Task statement
Go to the line with "商品属性 [供应商] 得力集团有限公司" in the material below and copy from there through the line with "USTL President, Philip", exactly. Pictures are not copied.

Input records
════════════════════

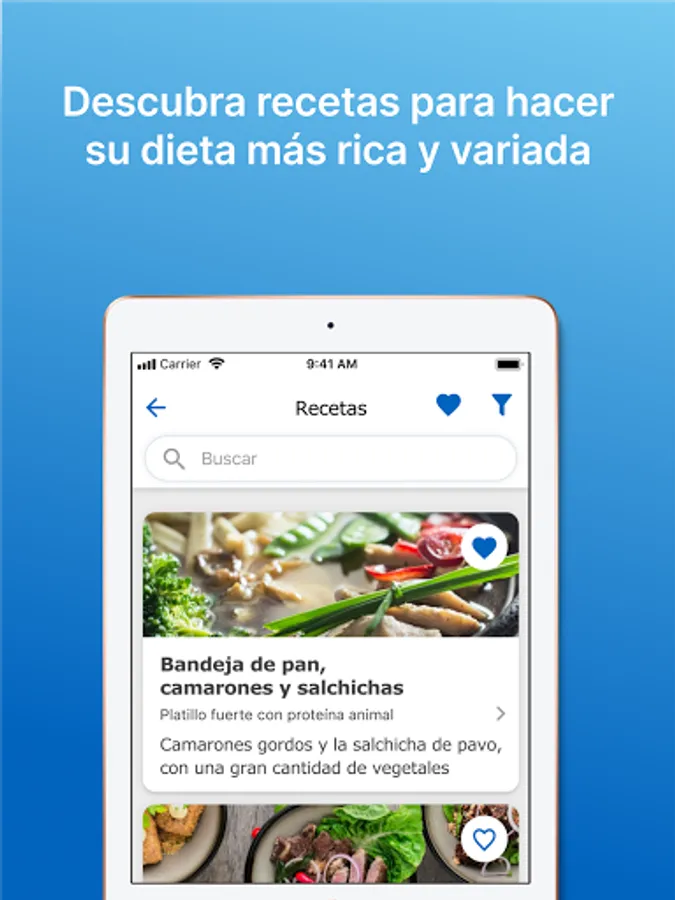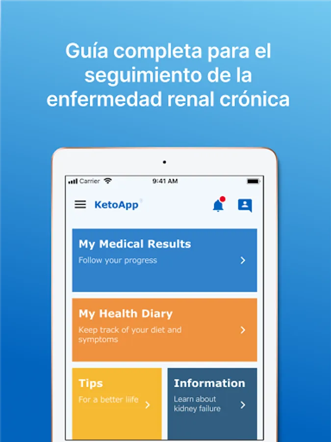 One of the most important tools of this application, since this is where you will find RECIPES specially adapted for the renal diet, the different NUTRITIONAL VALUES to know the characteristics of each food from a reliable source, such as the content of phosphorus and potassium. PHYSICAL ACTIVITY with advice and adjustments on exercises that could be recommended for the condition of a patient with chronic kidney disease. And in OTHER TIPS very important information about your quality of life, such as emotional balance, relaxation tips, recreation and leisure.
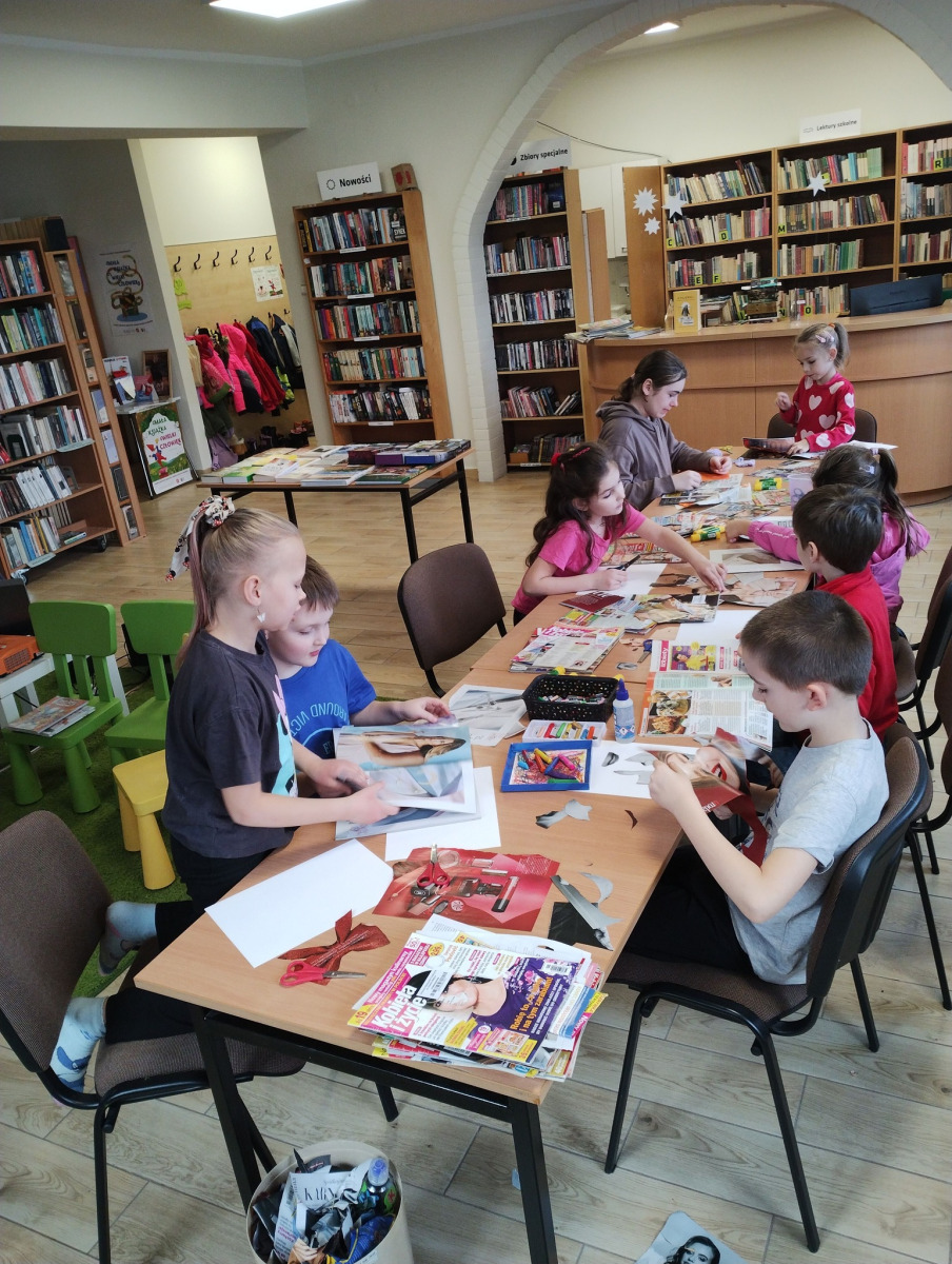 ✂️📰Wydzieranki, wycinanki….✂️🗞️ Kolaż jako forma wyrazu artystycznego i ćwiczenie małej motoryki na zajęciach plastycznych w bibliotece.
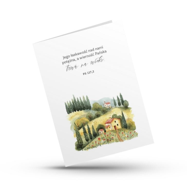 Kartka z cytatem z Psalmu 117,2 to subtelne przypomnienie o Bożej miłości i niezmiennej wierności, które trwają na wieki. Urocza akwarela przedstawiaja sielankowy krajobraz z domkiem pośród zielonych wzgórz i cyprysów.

════════════════════

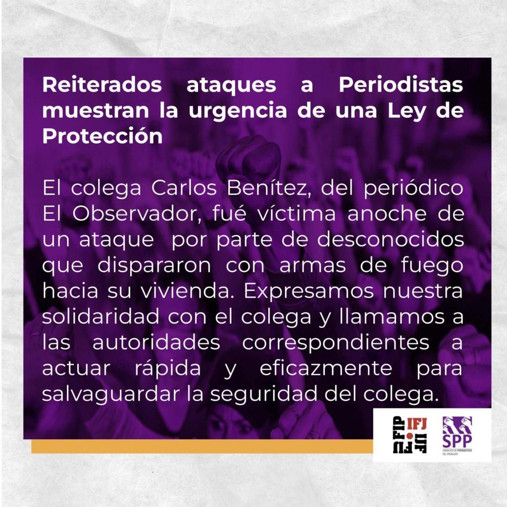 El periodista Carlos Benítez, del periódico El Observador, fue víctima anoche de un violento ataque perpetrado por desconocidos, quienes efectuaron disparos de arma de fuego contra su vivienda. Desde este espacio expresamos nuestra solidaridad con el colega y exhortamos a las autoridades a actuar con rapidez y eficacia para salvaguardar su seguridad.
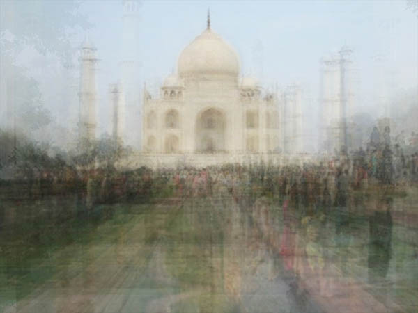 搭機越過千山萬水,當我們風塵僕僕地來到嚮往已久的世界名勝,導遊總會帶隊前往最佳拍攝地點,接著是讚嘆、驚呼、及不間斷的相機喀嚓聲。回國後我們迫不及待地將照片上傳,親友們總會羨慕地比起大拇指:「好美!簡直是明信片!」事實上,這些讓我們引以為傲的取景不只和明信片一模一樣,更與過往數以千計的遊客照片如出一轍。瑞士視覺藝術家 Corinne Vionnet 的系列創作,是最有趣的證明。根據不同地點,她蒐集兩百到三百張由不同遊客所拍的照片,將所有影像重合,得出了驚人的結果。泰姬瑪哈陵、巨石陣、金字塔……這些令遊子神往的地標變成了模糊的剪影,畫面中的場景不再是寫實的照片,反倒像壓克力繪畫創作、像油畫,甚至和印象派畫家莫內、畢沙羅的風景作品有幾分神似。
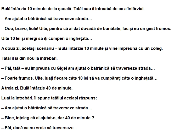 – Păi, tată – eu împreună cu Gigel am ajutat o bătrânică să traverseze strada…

════════════════════

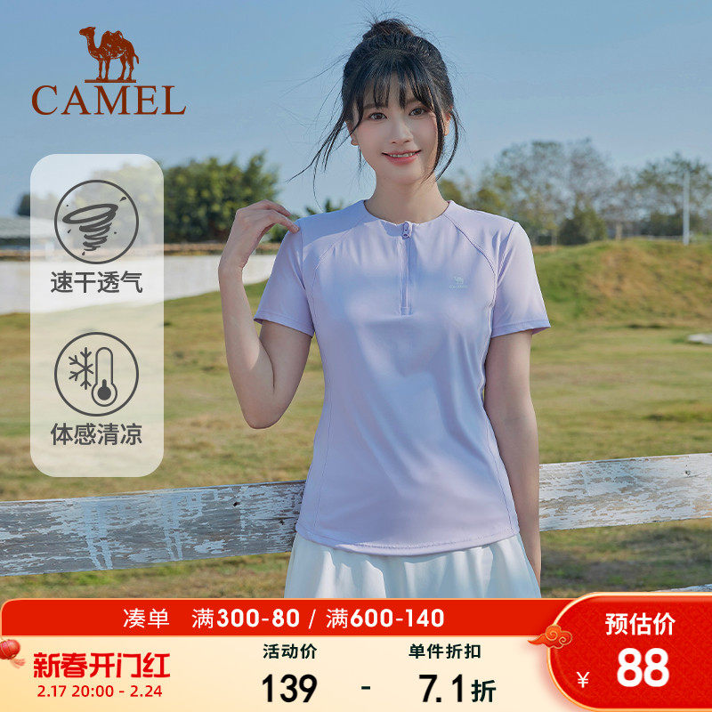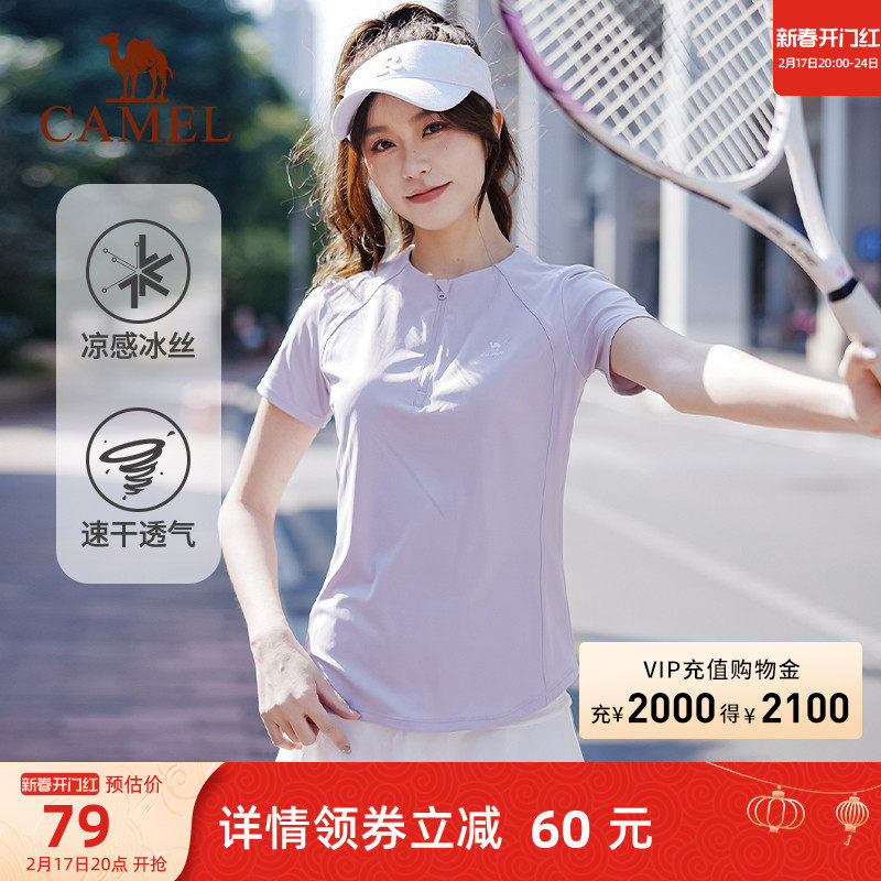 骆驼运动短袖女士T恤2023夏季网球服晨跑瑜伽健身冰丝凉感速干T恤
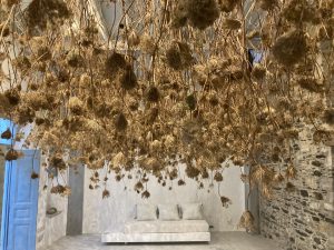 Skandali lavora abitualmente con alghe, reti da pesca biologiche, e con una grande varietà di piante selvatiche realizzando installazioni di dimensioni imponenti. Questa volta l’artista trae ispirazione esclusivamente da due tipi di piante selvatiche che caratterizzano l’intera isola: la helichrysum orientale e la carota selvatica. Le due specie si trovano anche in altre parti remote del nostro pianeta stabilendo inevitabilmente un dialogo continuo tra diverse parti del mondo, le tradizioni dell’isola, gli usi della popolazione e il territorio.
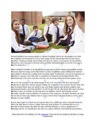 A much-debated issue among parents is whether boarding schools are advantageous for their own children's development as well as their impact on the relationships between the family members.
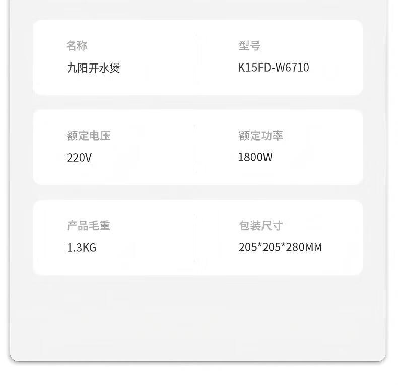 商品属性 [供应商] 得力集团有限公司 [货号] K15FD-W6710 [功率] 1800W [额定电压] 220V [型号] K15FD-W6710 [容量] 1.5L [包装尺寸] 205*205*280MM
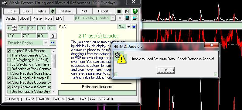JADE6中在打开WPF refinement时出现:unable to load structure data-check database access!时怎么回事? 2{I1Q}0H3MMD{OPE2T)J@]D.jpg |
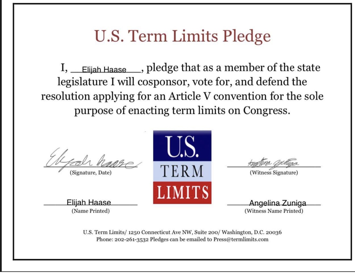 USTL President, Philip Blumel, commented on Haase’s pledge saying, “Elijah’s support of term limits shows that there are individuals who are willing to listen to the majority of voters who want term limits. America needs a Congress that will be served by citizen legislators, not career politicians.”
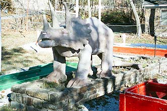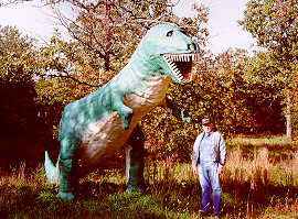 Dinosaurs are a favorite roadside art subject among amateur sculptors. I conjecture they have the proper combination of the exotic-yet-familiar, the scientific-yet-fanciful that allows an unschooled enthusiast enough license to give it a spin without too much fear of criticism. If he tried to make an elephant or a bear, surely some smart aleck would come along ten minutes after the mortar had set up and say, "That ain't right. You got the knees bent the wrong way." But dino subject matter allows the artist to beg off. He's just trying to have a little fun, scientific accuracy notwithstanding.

════════════════════

Written answer
 商品属性 [供应商] 得力集团有限公司 [货号] K15FD-W6710 [功率] 1800W [额定电压] 220V [型号] K15FD-W6710 [容量] 1.5L [包装尺寸] 205*205*280MM
JADE6中在打开WPF refinement时出现:unable to load structure data-check database access!时怎么回事? 2{I1Q}0H3MMD{OPE2T)J@]D.jpg |
 USTL President, Philip Blumel, commented on Haase’s pledge saying, “Elijah’s support of term limits shows that there are individuals who are willing to listen to the majority of voters who want term limits. America needs a Congress that will be served by citizen legislators, not career politicians.”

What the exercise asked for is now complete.